Real analyticity of continuous function via restriction to analytic curves

Question

Suppose $X\subset \mathbb R^n$ is an irreducible real analytic sub-variety (i.e. the set of solutions of a system $f_1=\ldots=f_k=0$ with $f_i$ analytic)

Let $x\in X$ be a point and let $F: X\to \mathbb R^1$ be a continuous function defined on $X$ in a neighbourhood of $x$. I want to understand whether $F$ is real analytic on $X$. The question is whether the following would be sufficient to know.

Property. Suppose that for any real analytic map $\varphi: (-1,1)\to X$ sending $0$ to $x$ the composition $F\circ \varphi$ is analytic on $(-1,1)$.

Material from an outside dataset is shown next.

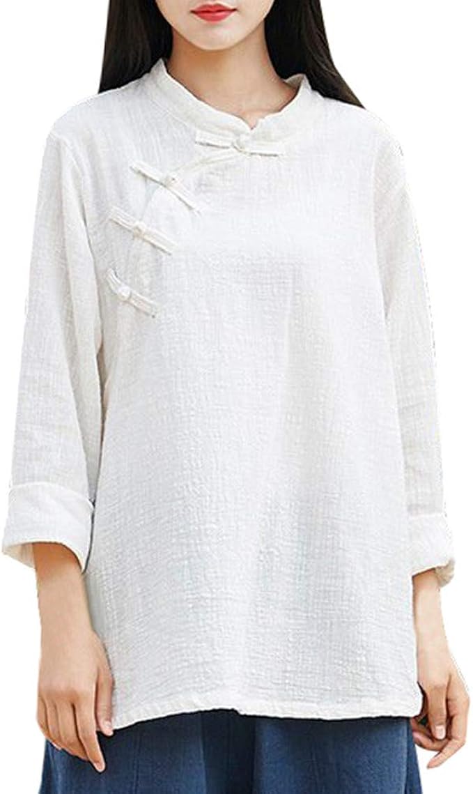 Ashui Damen Langarm Tops T Shirt Langarmshirts Weiss Einfarbig Oberteil Button Down Blusenshirt Baumwolle Chinesischer Stil Damen Bluse T Shirt Sommer Herbst Freizeit Lose Tunika Tops T Shirt Amazon De Bekleidung
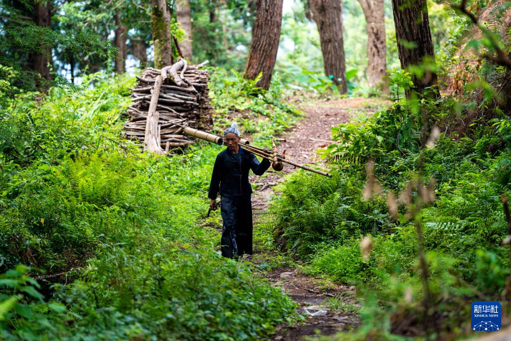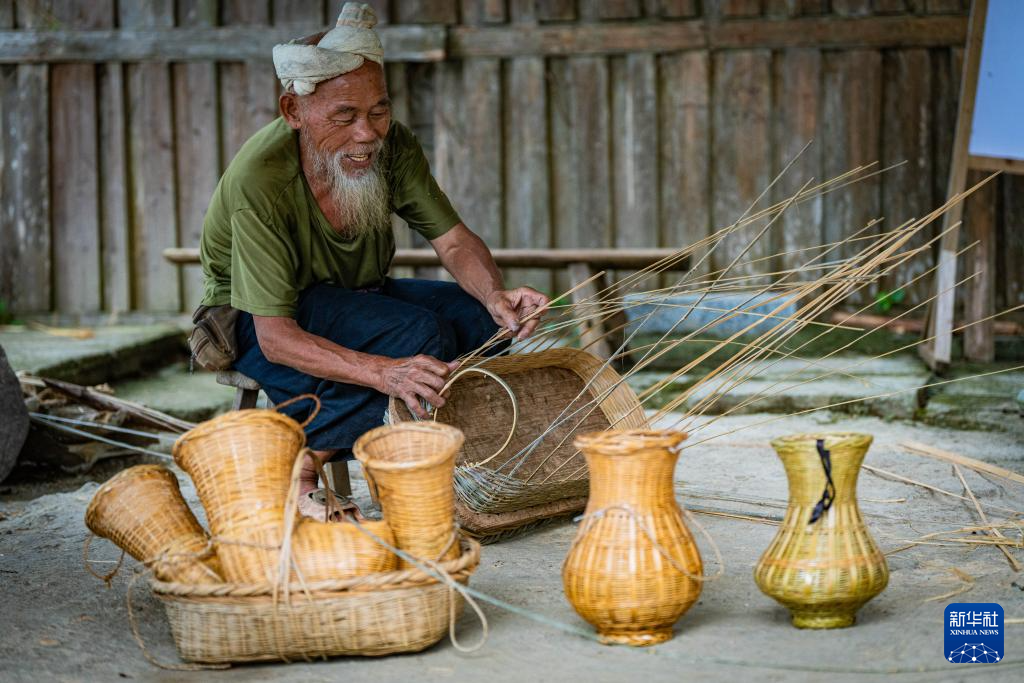 在贵州省从江县岜沙苗寨,一名村民在使用竹条制作竹篮(8月16日摄)。新华社发(龙建睿摄)

Question. Does it follow from the property that $F$ is real analytic in a neighbourhood of $x$?

I am interested both in positive statements in this direction (possibly strengthening the condition of the Property) and in counterexamples.

Answer 1

No. Take $X = \mathbb R^2$ and $F(x,y) = \frac{x^3}{x^2+y^2}$. Then $F$ is real-analytic everywhere but $(0,0)$. Moreover, at $(0,0)$, any curve passing through $(0,0)$ must have coordinates two analytic functions $x,y$ vanishing to orders $a,b$, in which case $x^2+y^2$ vanishes to order $2\min(a,b)$ and $x^3$ vanishes to order $3a > 2 \min(a,b)$ so the ratio is a well-defined analytic function.

But $F$ is not analytic at $(0,0)$.

A similar trick can be used to construct worse functions, like the irrational $F(x,y) = \frac{ x^5}{ \sqrt{ (x^2+y^2) (x^2 + 2y^2)}} $ and, by summing terms of this form, functions that fail to be analytic at many points.